Although the Kansas City Chiefs beat the New York Giants on Monday to bring their record to an even 4-4, it’s undeniable that quarterback Patrick Mahomes is in a slump. Since Week 5, the normally unstoppable K.C. signal-caller ranks 24th out of 33 qualified passers in completion percentage, 26th in net yards per attempt, 26th in passer rating, 27th in turnovers per play and 27th in Total QBR. Those are incredibly un-Mahomesian numbers for a guy who ranked either at or near the top of the league in all of those categories since 2018, his first year as the Chiefs’ starter. Not coincidentally, the usually explosive Kansas City offense is averaging a mere 18.5 points per game over the same stretch, which is tied for 24th in the league.

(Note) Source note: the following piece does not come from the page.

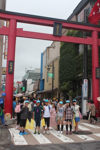 鶴岡八幡宮の鳥居の前で        子供たちが一番楽しみにしていた小町通り
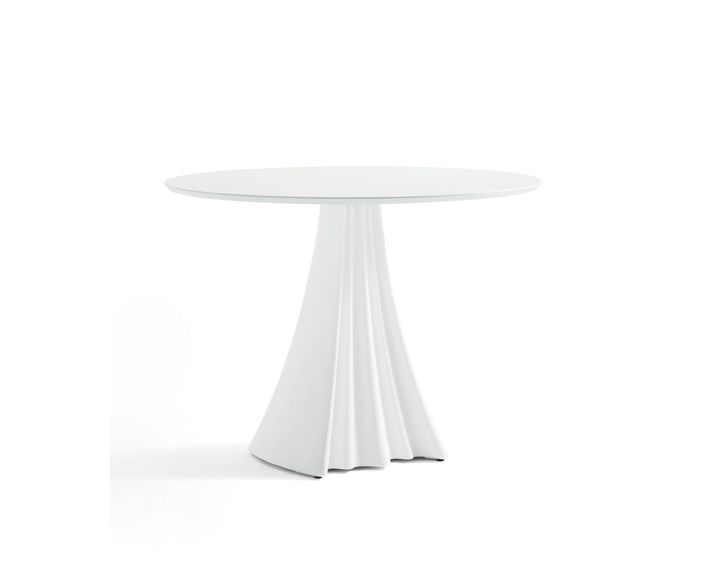 Стол со столешницей из древесины или стекла. Ножка необычная, фигурная изготовлена из полиэтилена. Топ круглой формы. Предлагаются различные размеры.

All quarterbacks — even the all-time greats — go through bad periods if they play the game long enough. But if anyone seemed immune to this reality, it was Mahomes. Before K.C.’s humbling 27-3 loss to the Tennessee Titans in Week 7, Mahomes had recorded above-average performances in 50 of his first 60 career starts,1 according to our QB Elo rating metric — and before his mediocre performance Monday night, he’d never experienced below-average outings in back-to-back games. Up to that point, the idea of a “Mahomes slump” was largely just a thought experiment.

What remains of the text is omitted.